Le bastion islamiste de Gao, à 1200 km au nord-est de Bamako, est tombé samedi au cours d'une opération spectaculaire de l'armée française: des membres des forces spéciales bénéficiant d'un appui aérien se sont d'abord emparés de l'aéroport et d'un pont stratégique.

«Plusieurs groupes terroristes ont été détruits ou chassés vers le Nord» lors de cette opération, a affirmé le ministère français de la Défense.

Puis, des soldats tchadiens et nigériens sont venus par avion du Niger voisin, marquant de manière frappante l'entrée des troupes de la force africaine sur le théâtre des opérations malien.

«La prise de contrôle de Gao, qui compte 50 000 à 60 000 habitants, par les soldats maliens, tchadiens et nigériens est en cours», a indiqué dimanche le porte-parole de l'armée française, le colonel Thierry Burkhard.

Le ministère français de la Défense a fait état d'un «renforcement de la position de Gao, en particulier par un escadron blindé (français), par les forces armées maliennes et par plusieurs unités africaines (Niger, Tchad)».

L'UA salue l'action de la France

Plus de 6000 soldats ouest-africains et tchadiens doivent à terme être déployés au Mali pour prendre le relais de l'armée française, mais ils n'arrivent qu'au compte-goutte et leur déploiement est ralenti par de sérieux problèmes de financement et de logistique.
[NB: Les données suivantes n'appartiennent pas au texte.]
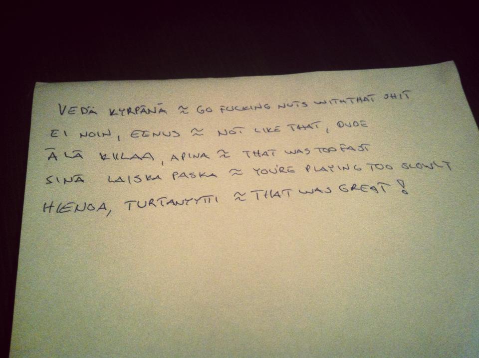 After we had a delicious dinner provided by the masterchef Usva, Tiera was feeling much better, and he pounded away another track, which goes by the work name “Kuolemanlaakso”.
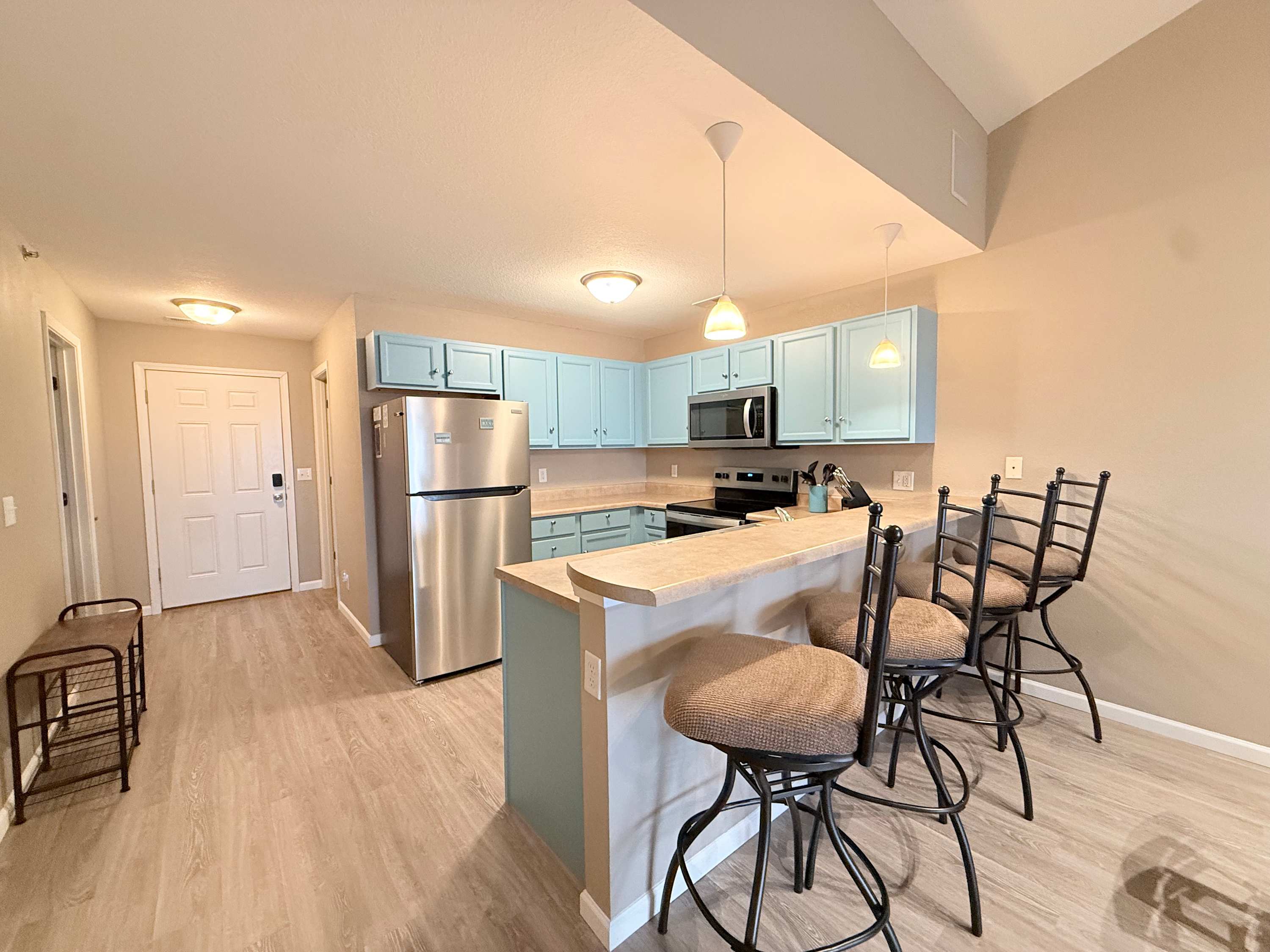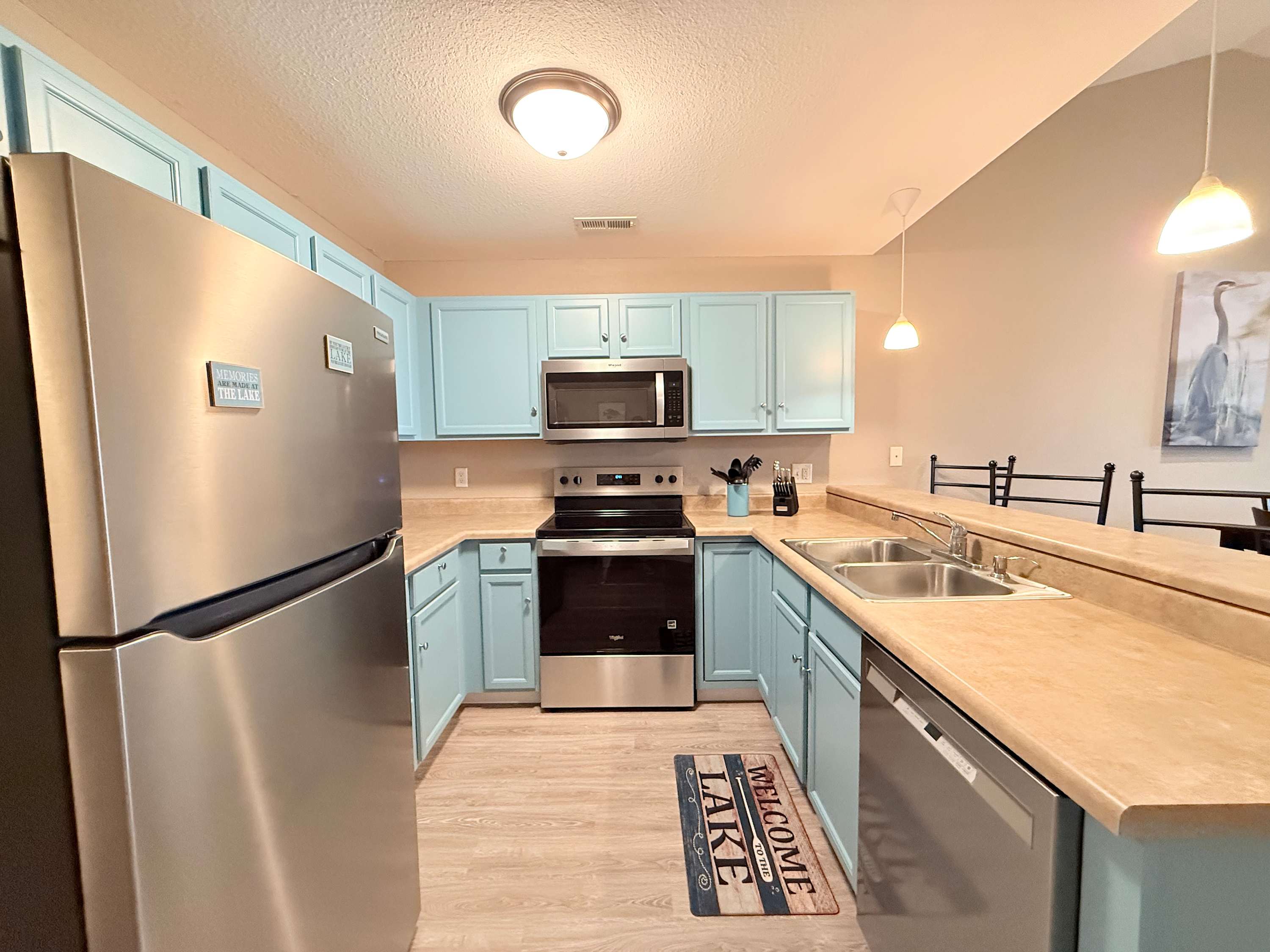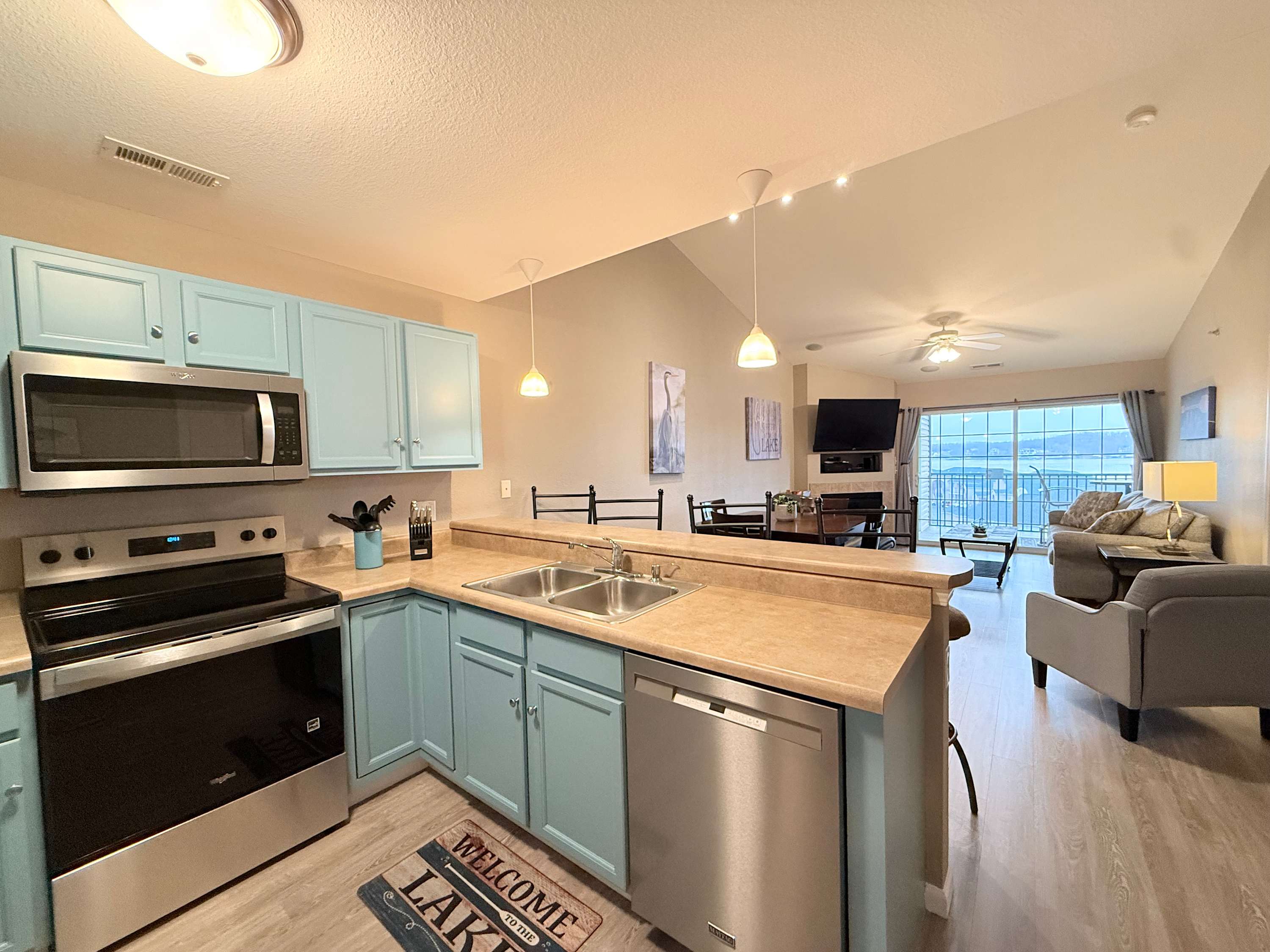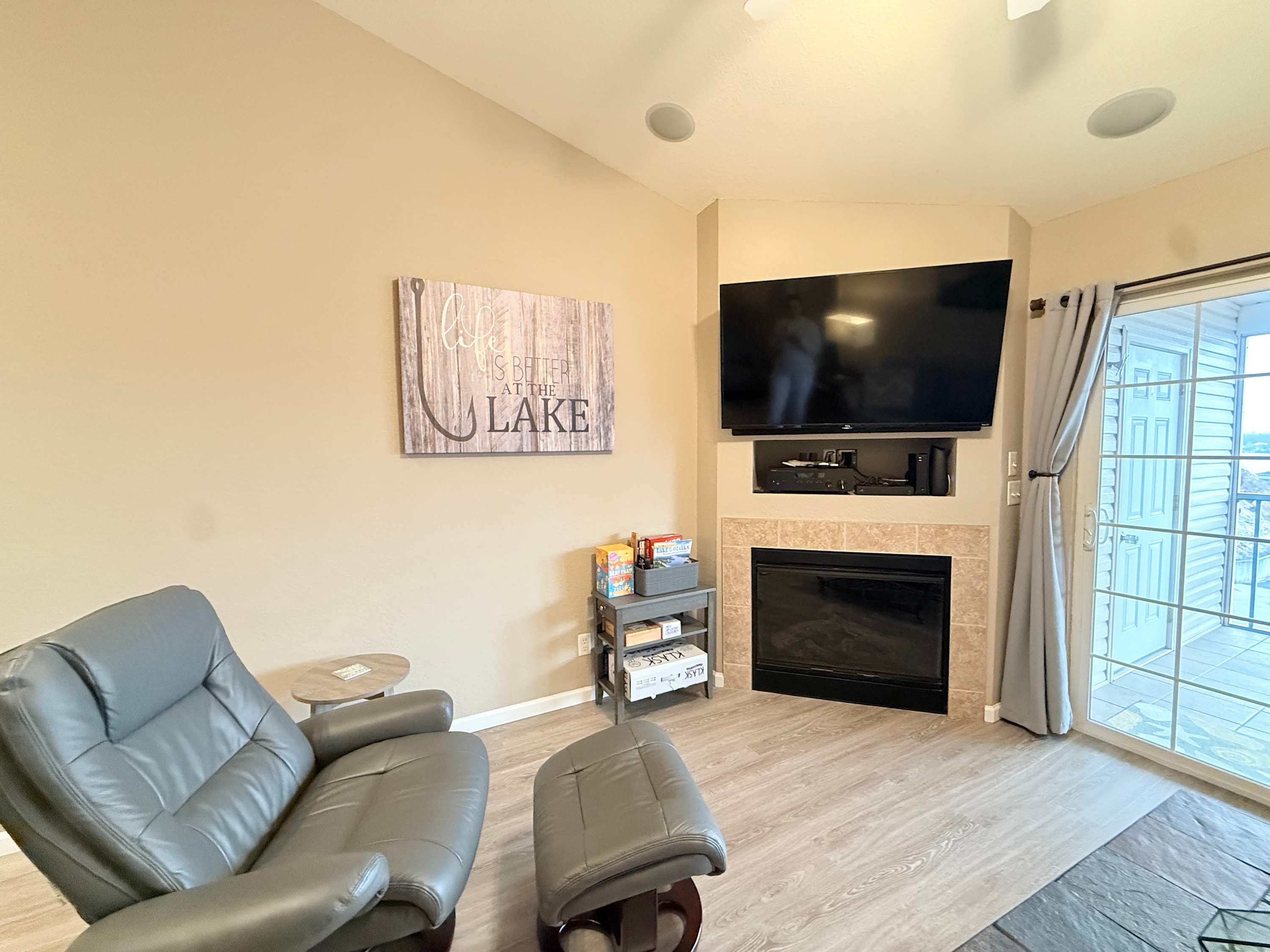 Guests of the home will be able to take full advantage of the seasonal community swimming pool, the best way to beat the heat during the summer months while enjoying all the sights and sounds of the lake. When you need a break from the action or to enjoy some quiet downtime, head inside the condo where open and well-lit spaces welcome you to relax and unwind. Sink into the plush living room sofa while you catch up on episodes of your favorite show on the smart TV. An electric fireplace will keep you warm and toasty during the cooler nights, creating the right ambiance for a family movie night. The well-equipped kitchen offers everything you need to prepare delicious meals right at home, with ample cabinetry available for food storage. Gather together for formal meals at the dining room table with seating for 4 or hop up to the counter and enjoy afternoon appetizers on the high-top stools. In the mornings, enjoy your fresh cup of coffee out on the screened-in balcony, overlooking the peaceful views of the water as you plan out the day’s activities.
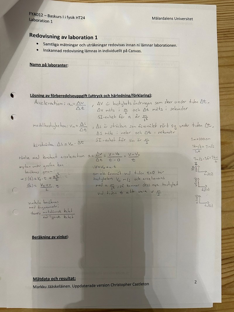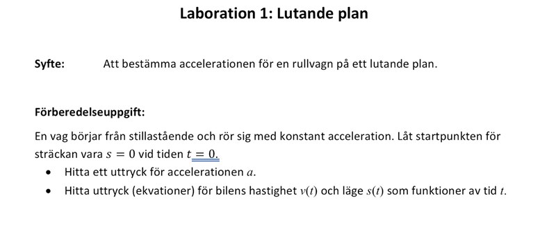 Det kanske också framgår i laborationsinstruktion, vilka samband man har nytta av för att utföra labben.

Jean-Marc Ayrault a appelé dimanche «la communauté internationale à continuer à se mobiliser» pour le Mali en expliquant que «chacun pouvait contribuer, selon ses possibilités, à aider ce pays et ceux de l'Afrique de l'Ouest qui viennent à son secours».

A Gao, les premiers témoignages faisaient état d'une liesse populaire: «L'armée malienne a été accueillie dans Gao par des applaudissements et des cris: Vive le Mali ! Vive la France !», a expliqué le lieutenant Adama Coulibaly.

Mais d'autres témoins ont mentionné des actes de pillage: «Les belles maisons qu'on voit quand on vient de l'aéroport vers la ville ont été pillées, parce que les populations disent qu'elles appartiennent à des Arabes trafiquants de drogue», selon une personne jointe par téléphone satellitaire.

Gao était un bastion des islamistes du Mouvement pour l'unicité et le jihad en Afrique de l'Ouest (Mujao), qui y ont commis de nombreuses exactions, dont des amputations sur de personnes accusées de vol.

Ce groupe avait affirmé samedi à l'AFP vouloir «négocier la libération» d'un otage français, Gilberto Rodriguez Leal, enlevé en novembre 2012 dans l'ouest du Mali. Jean-Marc Ayrault a répondu en refusant «les logiques de chantage».

Selon une source de sécurité malienne, les principaux responsables des groupes islamistes armés, Iyad Ag Ghaly, chef d'Ansar Dine (Défenseurs de l'islam), et l'Algérien Abou Zeid, l'un des émirs d'Al-Qaïda au Maghreb islamique (Aqmi), se sont réfugiés dans les montagnes de Kidal où des positions islamistes ont été bombardées samedi par des avions français.

La maison d'Ag Ghaly, ex-militaire et ex-figure des rébellions touareg des années 1990 au Mali, a été détruite, a indiqué une source malienne de sécurité.

Une information démentie par une source militaire française selon laquelle «la maison de Iyad Ag Ghaly est toujours debout». Selon cette source, «il n'y a pas eu de frappes dans la région de Kidal».

A Addis Abeba, le chef d'État béninois Thomas Boni Yayi, président sortant de l'Union Africaine (UA), a déploré dimanche devant ses pairs réunis en sommet la lenteur de l'organisation à agir pour «défendre» le Mali et «salué» l'intervention française.